CN102868367B - Double balanced type frequency tripler - Google Patents

Abstract

The invention provides a double-balanced frequency tripler. The double-balanced frequency tripler at least includes: a 90° first input bridge operating in the fundamental frequency band; ° second input bridge; 4 frequency multiplication circuits respectively connected to one output end of a 90° second input bridge; two -90 ° output bridge; and a combiner connecting the outputs of the two -90° output bridges. The double-balanced frequency tripler of the present invention has the advantages of simple structure, easy integration and low requirements on process capability.

Description

Double balanced frequency tripler

technical field

The invention relates to the technical field of microwave communication, in particular to a double-balanced frequency tripler.

Background technique

The frequency multiplier is a device used to achieve frequency multiplication, multiply the input fundamental frequency to the required harmonic frequency, and make it output the required harmonic power. The introduction of the frequency multiplier can effectively reduce the frequency of the local oscillator (LO), which alleviates the design requirements of the extremely high frequency local oscillator for the millimeter wave system. The extremely high frequency local oscillator has extremely strict requirements on the process and is prone to The frequency is unstable, the linearity is low, the chip consistency is low, and it is difficult to lock the phase directly, so the frequency multiplier can improve the stability of the whole system and reduce the cost.

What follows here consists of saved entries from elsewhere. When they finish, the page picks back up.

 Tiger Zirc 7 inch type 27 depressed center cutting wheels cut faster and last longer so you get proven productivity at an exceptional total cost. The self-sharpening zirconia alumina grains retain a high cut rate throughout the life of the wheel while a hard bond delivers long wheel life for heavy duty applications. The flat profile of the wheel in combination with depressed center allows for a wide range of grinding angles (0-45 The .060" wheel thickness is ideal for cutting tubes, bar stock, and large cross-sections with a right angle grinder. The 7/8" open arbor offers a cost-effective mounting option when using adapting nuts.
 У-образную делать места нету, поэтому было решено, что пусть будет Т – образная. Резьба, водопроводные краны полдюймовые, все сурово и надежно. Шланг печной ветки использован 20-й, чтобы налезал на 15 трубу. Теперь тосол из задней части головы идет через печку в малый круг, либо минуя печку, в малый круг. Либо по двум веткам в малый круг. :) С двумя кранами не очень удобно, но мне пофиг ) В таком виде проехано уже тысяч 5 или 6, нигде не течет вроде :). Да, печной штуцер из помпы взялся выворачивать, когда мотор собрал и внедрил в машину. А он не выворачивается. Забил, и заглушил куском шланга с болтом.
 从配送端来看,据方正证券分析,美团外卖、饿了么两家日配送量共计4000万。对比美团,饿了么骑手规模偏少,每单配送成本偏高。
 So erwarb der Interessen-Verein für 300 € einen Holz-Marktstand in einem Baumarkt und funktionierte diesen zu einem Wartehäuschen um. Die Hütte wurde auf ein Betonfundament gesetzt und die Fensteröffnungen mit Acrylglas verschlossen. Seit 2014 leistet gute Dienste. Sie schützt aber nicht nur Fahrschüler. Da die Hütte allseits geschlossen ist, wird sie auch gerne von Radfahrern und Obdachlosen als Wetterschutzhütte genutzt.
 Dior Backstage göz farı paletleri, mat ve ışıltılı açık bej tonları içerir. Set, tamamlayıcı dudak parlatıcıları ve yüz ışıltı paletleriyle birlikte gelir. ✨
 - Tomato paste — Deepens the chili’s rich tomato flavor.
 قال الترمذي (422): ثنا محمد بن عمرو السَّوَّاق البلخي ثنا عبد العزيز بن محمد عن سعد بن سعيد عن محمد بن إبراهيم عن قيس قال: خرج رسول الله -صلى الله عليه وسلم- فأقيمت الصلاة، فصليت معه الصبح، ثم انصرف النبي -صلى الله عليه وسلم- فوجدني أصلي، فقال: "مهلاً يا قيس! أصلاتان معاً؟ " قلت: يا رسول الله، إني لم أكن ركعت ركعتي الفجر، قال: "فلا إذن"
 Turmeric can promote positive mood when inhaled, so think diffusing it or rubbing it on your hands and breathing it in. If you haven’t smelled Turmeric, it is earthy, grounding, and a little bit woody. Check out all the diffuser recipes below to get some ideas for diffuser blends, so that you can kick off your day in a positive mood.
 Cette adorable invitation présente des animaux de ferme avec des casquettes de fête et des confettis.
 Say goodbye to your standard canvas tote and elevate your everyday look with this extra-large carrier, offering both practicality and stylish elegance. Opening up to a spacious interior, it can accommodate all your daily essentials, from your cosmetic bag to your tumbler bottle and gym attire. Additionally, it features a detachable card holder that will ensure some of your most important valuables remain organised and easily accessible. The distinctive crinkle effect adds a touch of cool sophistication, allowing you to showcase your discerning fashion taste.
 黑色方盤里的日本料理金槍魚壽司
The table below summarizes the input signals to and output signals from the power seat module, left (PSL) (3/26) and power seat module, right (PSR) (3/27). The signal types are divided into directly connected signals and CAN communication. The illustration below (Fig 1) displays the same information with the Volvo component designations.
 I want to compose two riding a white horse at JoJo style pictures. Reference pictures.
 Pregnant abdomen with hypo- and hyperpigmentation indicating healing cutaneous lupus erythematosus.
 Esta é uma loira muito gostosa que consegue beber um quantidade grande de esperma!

At present, millimeter-wave frequency triplers mainly use Schottky diodes or heterojunction barrier varactors as nonlinear devices. At the same time, waveguide structures and substrate-integrated waveguide (SIW) structures are used in high-frequency millimeter-wave frequency triplers. It is widely used, the purpose is to use the transmission characteristics of the waveguide cavity to achieve good suppression of the fundamental wave and the second harmonic in the third harmonic. However, this non-planar process structure will greatly affect the miniaturization, high integration and cost reduction of the millimeter wave system.

At present, the frequency tripler based on the planar technology still fails to solve the problem of suppression of all harmonics (including the fundamental wave) except the third harmonic, which directly affects the spectrum purity and triple frequency efficiency of the entire system. Additional complex matching stub circuits or filter networks are used to compensate, which increases the difficulty and cost of circuit design. In recent years, a lot of research has been done on the single-balanced frequency tripler because of its symmetrical structure, simple design method and compact layout area. There are two main topological structures, as shown in Figure 1a and 1b.

A single balanced frequency tripler is realized by a pair of 180°/180° or 90°/90° bridges and a pair of single-terminal frequency multipliers (XN). In general, the phase factors of the input bridge (output phase difference a°) and output bridge (output phase difference b°) determine the output of the Nth harmonic. When satisfied:

N×a ₁ +b×N≈360°×i

The Nth harmonic signal will be linearly superimposed at the output. Among them, N is the frequency multiplier, and i is an integer. According to such theoretical analysis, in the output signal of the 180°/180° bridge, the even harmonic components will cancel each other out, while the odd harmonic components (including the fundamental wave and the third harmonic) will be linearly superimposed at the output end;90 In the output signal of the °/90° bridge, the fundamental components will cancel each other out, while the second harmonic component will be vectorially superimposed at the output end, and the required third harmonic component will be linearly superimposed. It can be seen that no matter which of the two topological structures can realize both the output suppression of the fundamental wave and the output suppression of the even harmonics at the same time, an external matching stub circuit or filter is still required, which will affect The matching characteristics of the nonlinear unit reduce the frequency doubling efficiency of the third harmonic and output the power of the third harmonic.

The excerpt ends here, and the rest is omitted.